**TASK INSTRUCTIONS**
Copy the entries below word for word, but omit any pictures they contain.

**RECORDS SHOWN**

=-=-=

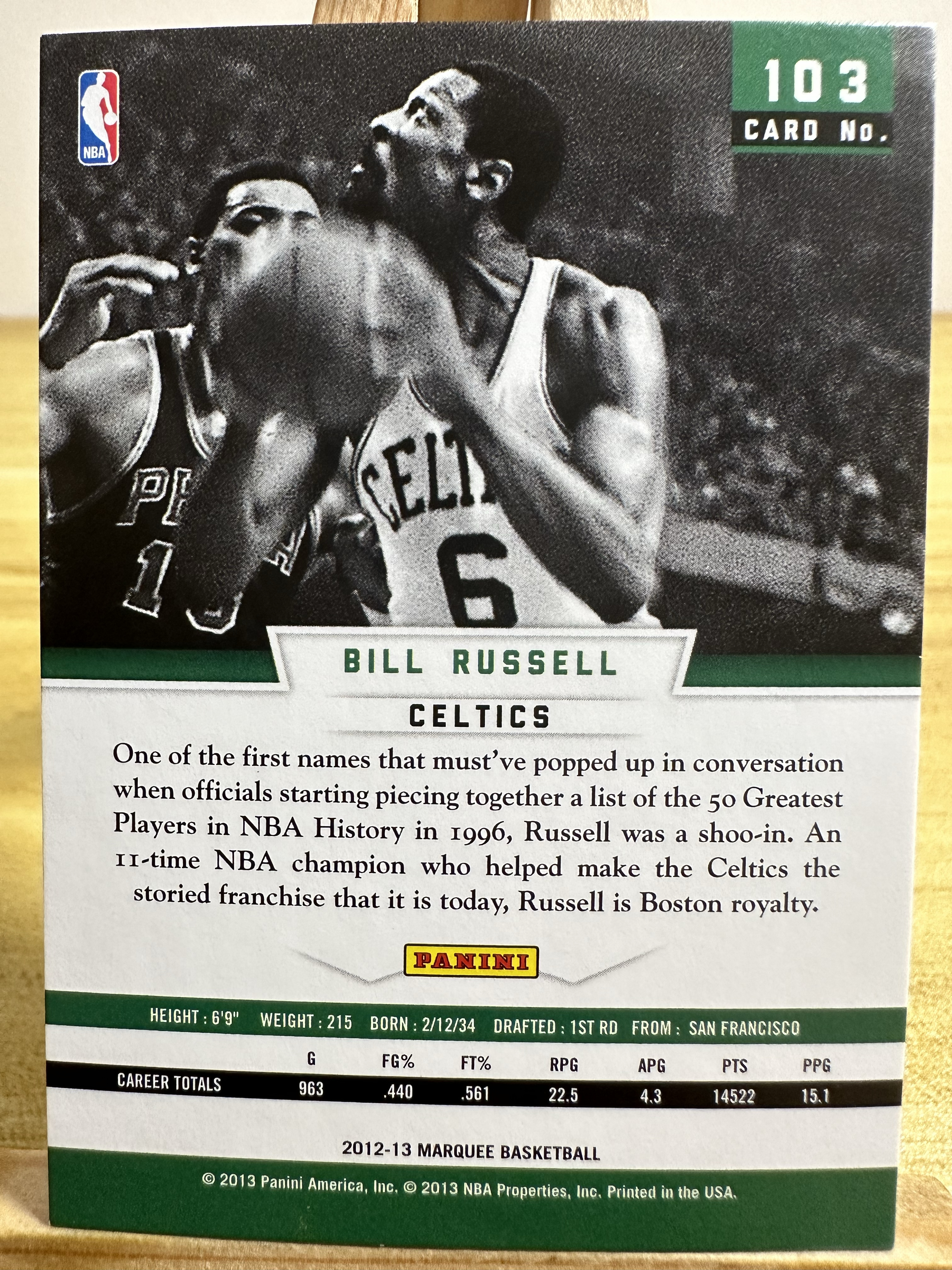 2012-13 Panini Marquee Bill Russell 凯尔特人 比尔 拉塞尔 马奎 base 指环王 瑕疵如图 e197
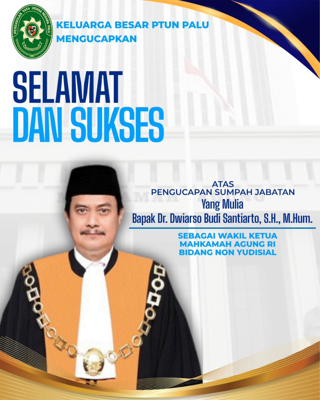 Keluarga Besar Pengadilan Tata Usaha Negara Palu mengucapkan selamat dan sukses atas pengucapan Sumpah Jabatan Yang Mulia Bapak Dr. Dwiarso Budi Santiarto, S.H., M.Hum sebagai Wakil Ketua Mahkamah Agung Republik Indonesia Bidang Non Yudisial dihadapan Presiden Republik Indonesia, Bapak H. Prabowo Subianto.
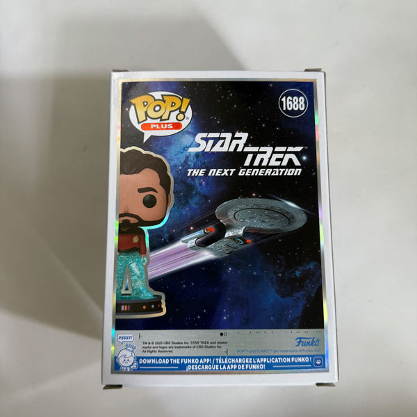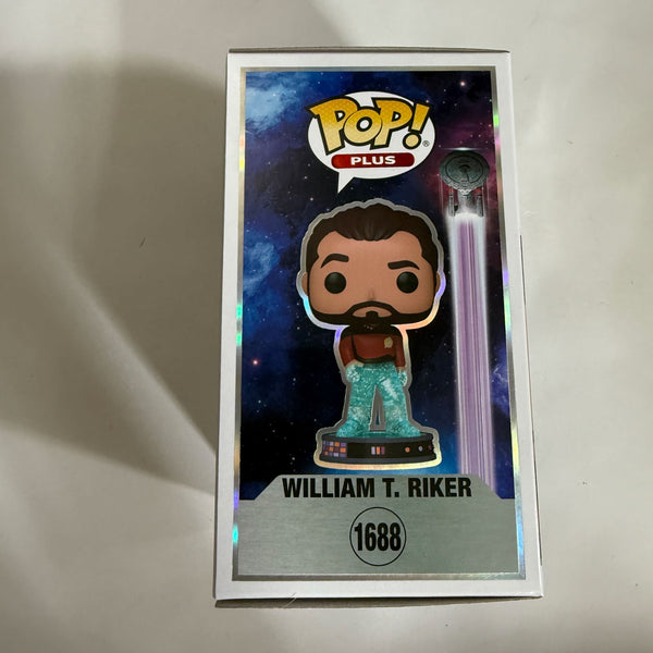 Prepare to energize! Join William T. Riker atop the transporter platform as he is beamed to a new, uncharted world! Featuring a dazzling glitter deco, this collectible seemingly dematerializes right before your eyes. Complete your crew when you welcome this iconic leader to the bridge in your Star Trek Funko Pop! collection! This Star Trek Transporter William T. Riker Glitter Funko Pop! Vinyl Figure Plus #1688 measures approximately 4 1/2-inches tall and comes packaged in a window display box. For ages 3 and up.
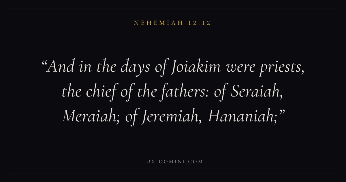 And in the days of Joiakim were priests, the chief of the fathers: of Seraiah, Meraiah; of Jeremiah, Hananiah;
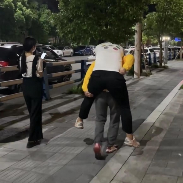 跑腿小哥来到之后,背起男子,一行三人走在马路上。
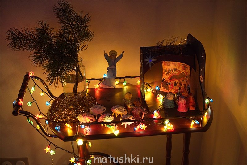 Установили наш прошлогодний вертеп. Еще украсила его электрогирляндой.
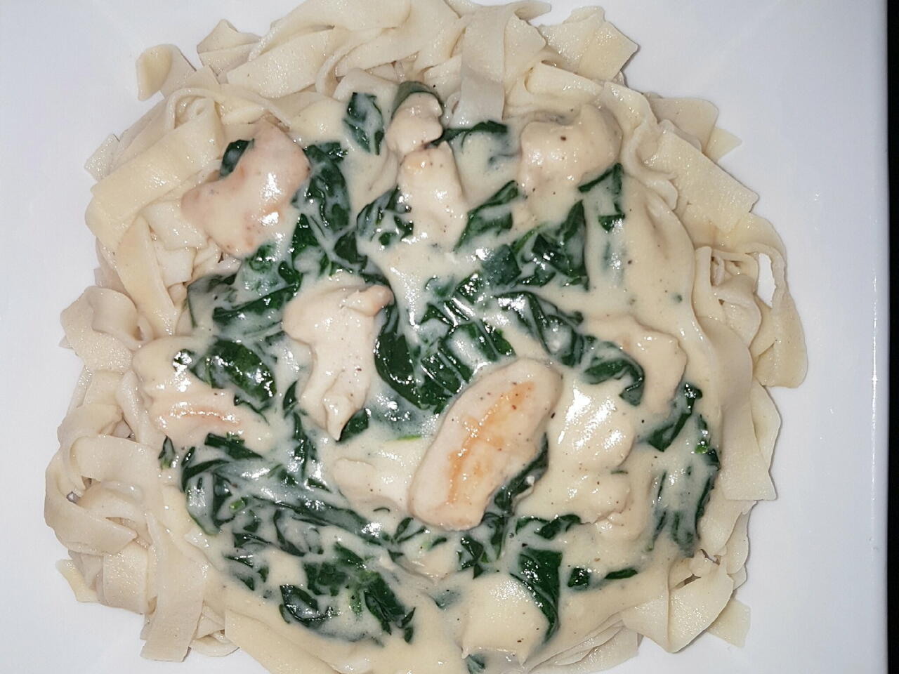 Szedje a spenótos-sajtos csirkét házi tésztára.
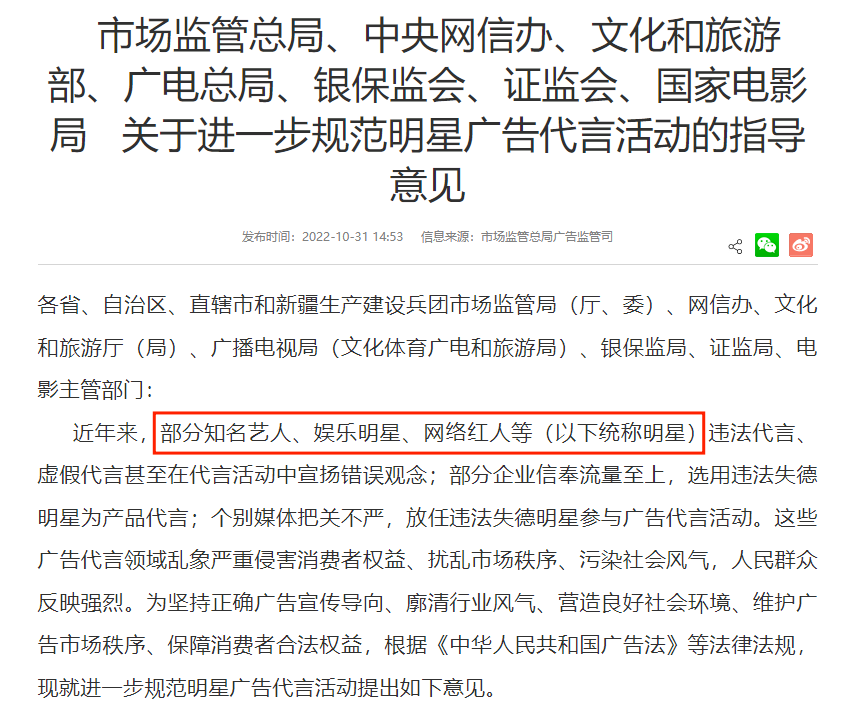 事實(shí)上,類似的規(guī)定早在去年10月的《關(guān)于進(jìn)一步規(guī)范明星廣告代言活動(dòng)的指導(dǎo)意見》(簡稱《意見》)中就有所提及。
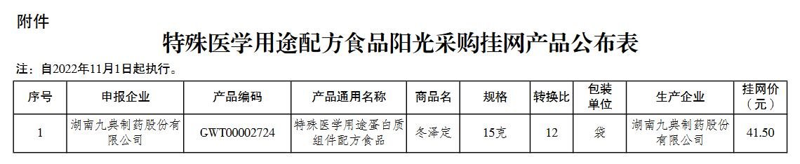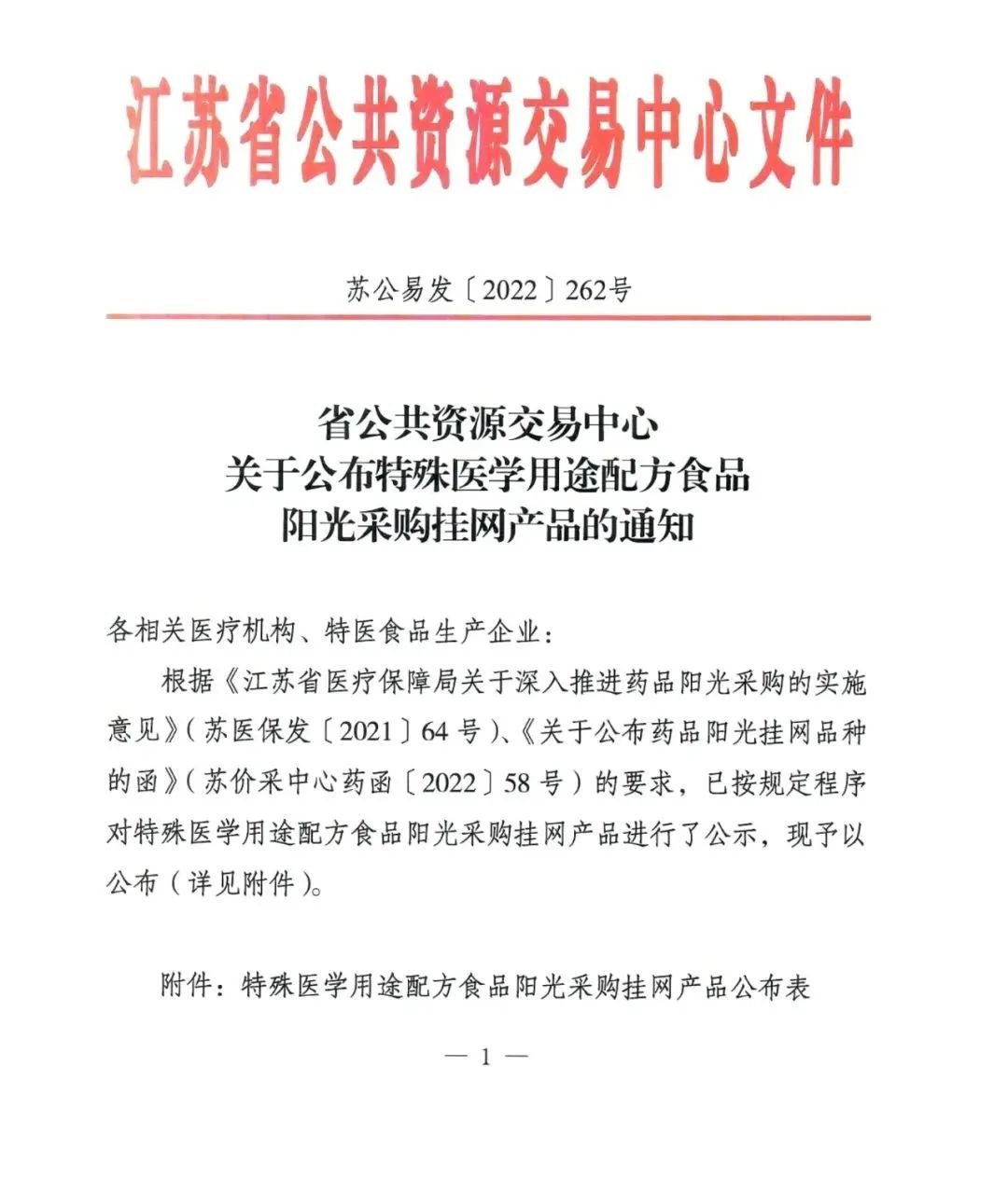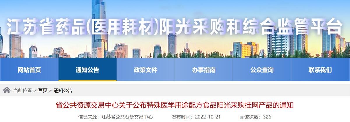 2022年10月21日,江苏省公共资源交易中心发布了关于公布特殊医学用途配方食品阳光采购挂网产品的通知,此次共公布了1款产品,自2022年11月1日起执行。
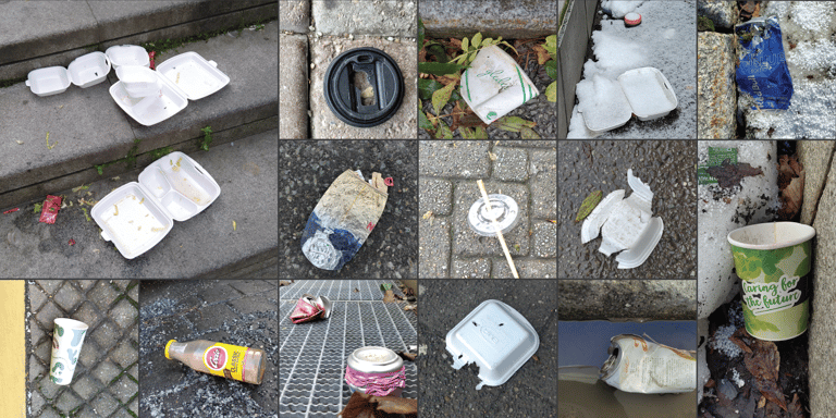 Takeaway-emballasje utgjør ca 40% av søpla i offentlige avfallsbeholdere.
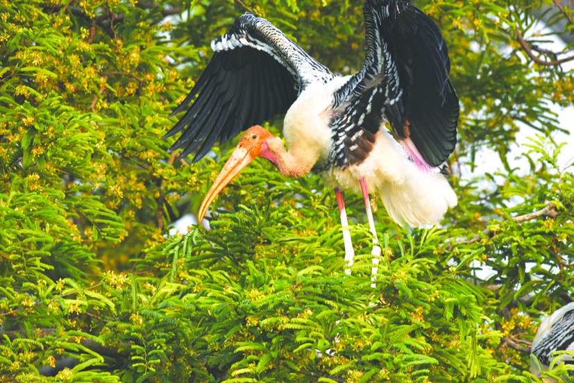పిల్లలను పొదిగి పెద్దగ చేసే క్రమంలో ఆహారం అధికంగా పక్షులకు అవసరమవుతోంది. ఒక్కో పక్షికి సగటున 500 గ్రాముల వరకు ఆహారాన్ని తీసుకుంటుంది. ఇందులో 90 శాతం వరకు చేపలే ఉంటాయి. తక్కినవి చూస్తే కప్పలు, పాములూ ఉంటాయి. పక్షులు ఈ ఏడాది అధిక కావడంతో ఆహారం కొరత సమస్య వాటికి ఏర్పడుతోంది. దీంతో ఆహారం లేక కొన్ని పక్షులు ఎగరలేక కిందపడిపోతున్నాయి. వీటి సంరక్షణ చేపట్టాల్సిన బాధ్యత అటవీ శాఖ చూడాల్సి ఉంది. కాని అటవీశాఖకు నిధుల కొరత వెంటాడుతున్నట్టు సమాచారం. దీంతో పక్షుల సంరక్షణ ఆగమ్య గోచరంగానే మారింది. దీని కోసం ప్రత్యేకంగా నియమించిన వేణుగోపాల్రెడ్డి అనే వాచ్ వార్డుయే ప్రకృతి ప్రేమికుల సహకారంతో వాటిని సంరక్షించే బాధ్యత చూస్తున్నారు. గతంలో వీటి సంరక్షణ కోసం రూ.80 లక్షలతో ప్రత్యేక ప్యాకేజీ కోసం ప్రతిపాదనలు పంపారు.

=-=-=

**EXPECTED ANSWER**
 2012-13 Panini Marquee Bill Russell 凯尔特人 比尔 拉塞尔 马奎 base 指环王 瑕疵如图 e197
 Keluarga Besar Pengadilan Tata Usaha Negara Palu mengucapkan selamat dan sukses atas pengucapan Sumpah Jabatan Yang Mulia Bapak Dr. Dwiarso Budi Santiarto, S.H., M.Hum sebagai Wakil Ketua Mahkamah Agung Republik Indonesia Bidang Non Yudisial dihadapan Presiden Republik Indonesia, Bapak H. Prabowo Subianto.
 Prepare to energize! Join William T. Riker atop the transporter platform as he is beamed to a new, uncharted world! Featuring a dazzling glitter deco, this collectible seemingly dematerializes right before your eyes. Complete your crew when you welcome this iconic leader to the bridge in your Star Trek Funko Pop! collection! This Star Trek Transporter William T. Riker Glitter Funko Pop! Vinyl Figure Plus #1688 measures approximately 4 1/2-inches tall and comes packaged in a window display box. For ages 3 and up.
 And in the days of Joiakim were priests, the chief of the fathers: of Seraiah, Meraiah; of Jeremiah, Hananiah;
 跑腿小哥来到之后,背起男子,一行三人走在马路上。
 Установили наш прошлогодний вертеп. Еще украсила его электрогирляндой.
 Szedje a spenótos-sajtos csirkét házi tésztára.
 事實(shí)上,類似的規(guī)定早在去年10月的《關(guān)于進(jìn)一步規(guī)范明星廣告代言活動(dòng)的指導(dǎo)意見》(簡稱《意見》)中就有所提及。
 2022年10月21日,江苏省公共资源交易中心发布了关于公布特殊医学用途配方食品阳光采购挂网产品的通知,此次共公布了1款产品,自2022年11月1日起执行。
 Takeaway-emballasje utgjør ca 40% av søpla i offentlige avfallsbeholdere.
పిల్లలను పొదిగి పెద్దగ చేసే క్రమంలో ఆహారం అధికంగా పక్షులకు అవసరమవుతోంది. ఒక్కో పక్షికి సగటున 500 గ్రాముల వరకు ఆహారాన్ని తీసుకుంటుంది. ఇందులో 90 శాతం వరకు చేపలే ఉంటాయి. తక్కినవి చూస్తే కప్పలు, పాములూ ఉంటాయి. పక్షులు ఈ ఏడాది అధిక కావడంతో ఆహారం కొరత సమస్య వాటికి ఏర్పడుతోంది. దీంతో ఆహారం లేక కొన్ని పక్షులు ఎగరలేక కిందపడిపోతున్నాయి. వీటి సంరక్షణ చేపట్టాల్సిన బాధ్యత అటవీ శాఖ చూడాల్సి ఉంది. కాని అటవీశాఖకు నిధుల కొరత వెంటాడుతున్నట్టు సమాచారం. దీంతో పక్షుల సంరక్షణ ఆగమ్య గోచరంగానే మారింది. దీని కోసం ప్రత్యేకంగా నియమించిన వేణుగోపాల్రెడ్డి అనే వాచ్ వార్డుయే ప్రకృతి ప్రేమికుల సహకారంతో వాటిని సంరక్షించే బాధ్యత చూస్తున్నారు. గతంలో వీటి సంరక్షణ కోసం రూ.80 లక్షలతో ప్రత్యేక ప్యాకేజీ కోసం ప్రతిపాదనలు పంపారు.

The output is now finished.